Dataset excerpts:
+---+

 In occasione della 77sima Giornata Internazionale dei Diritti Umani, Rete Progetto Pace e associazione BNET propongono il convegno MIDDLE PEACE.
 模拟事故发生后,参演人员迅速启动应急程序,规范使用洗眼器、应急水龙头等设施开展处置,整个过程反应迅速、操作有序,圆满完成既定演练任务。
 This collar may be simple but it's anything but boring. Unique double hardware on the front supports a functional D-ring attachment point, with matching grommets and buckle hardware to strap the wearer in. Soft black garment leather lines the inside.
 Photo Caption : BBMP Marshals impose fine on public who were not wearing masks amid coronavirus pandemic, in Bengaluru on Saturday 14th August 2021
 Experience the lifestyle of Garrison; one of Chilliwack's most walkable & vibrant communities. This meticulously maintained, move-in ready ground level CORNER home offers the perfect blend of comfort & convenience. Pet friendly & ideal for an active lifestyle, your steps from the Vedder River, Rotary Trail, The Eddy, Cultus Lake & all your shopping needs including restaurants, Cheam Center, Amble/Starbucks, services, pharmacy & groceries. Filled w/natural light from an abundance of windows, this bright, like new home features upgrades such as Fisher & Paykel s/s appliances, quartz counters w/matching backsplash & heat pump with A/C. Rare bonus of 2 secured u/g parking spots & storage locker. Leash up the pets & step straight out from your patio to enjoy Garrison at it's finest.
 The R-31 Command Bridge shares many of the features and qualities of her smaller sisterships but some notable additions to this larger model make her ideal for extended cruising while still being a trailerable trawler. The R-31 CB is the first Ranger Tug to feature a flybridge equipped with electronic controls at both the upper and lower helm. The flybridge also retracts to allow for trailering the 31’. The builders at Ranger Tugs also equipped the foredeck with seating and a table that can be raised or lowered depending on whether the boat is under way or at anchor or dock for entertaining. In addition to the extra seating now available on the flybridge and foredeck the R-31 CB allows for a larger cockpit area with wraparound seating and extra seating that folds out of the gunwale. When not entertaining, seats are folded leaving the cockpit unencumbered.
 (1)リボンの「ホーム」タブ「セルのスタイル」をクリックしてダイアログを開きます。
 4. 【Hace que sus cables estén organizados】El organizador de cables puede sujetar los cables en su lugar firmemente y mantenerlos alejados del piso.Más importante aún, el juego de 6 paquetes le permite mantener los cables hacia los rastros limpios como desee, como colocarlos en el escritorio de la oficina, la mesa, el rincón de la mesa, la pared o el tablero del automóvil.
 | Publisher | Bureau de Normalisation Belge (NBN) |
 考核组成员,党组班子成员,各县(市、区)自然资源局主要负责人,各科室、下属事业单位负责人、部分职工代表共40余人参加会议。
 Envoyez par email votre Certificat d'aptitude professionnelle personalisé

+---+

» Work to be completed:
Each line above that includes the word "matching" is to be copied.

» Response area:
 This collar may be simple but it's anything but boring. Unique double hardware on the front supports a functional D-ring attachment point, with matching grommets and buckle hardware to strap the wearer in. Soft black garment leather lines the inside.
 Experience the lifestyle of Garrison; one of Chilliwack's most walkable & vibrant communities. This meticulously maintained, move-in ready ground level CORNER home offers the perfect blend of comfort & convenience. Pet friendly & ideal for an active lifestyle, your steps from the Vedder River, Rotary Trail, The Eddy, Cultus Lake & all your shopping needs including restaurants, Cheam Center, Amble/Starbucks, services, pharmacy & groceries. Filled w/natural light from an abundance of windows, this bright, like new home features upgrades such as Fisher & Paykel s/s appliances, quartz counters w/matching backsplash & heat pump with A/C. Rare bonus of 2 secured u/g parking spots & storage locker. Leash up the pets & step straight out from your patio to enjoy Garrison at it's finest.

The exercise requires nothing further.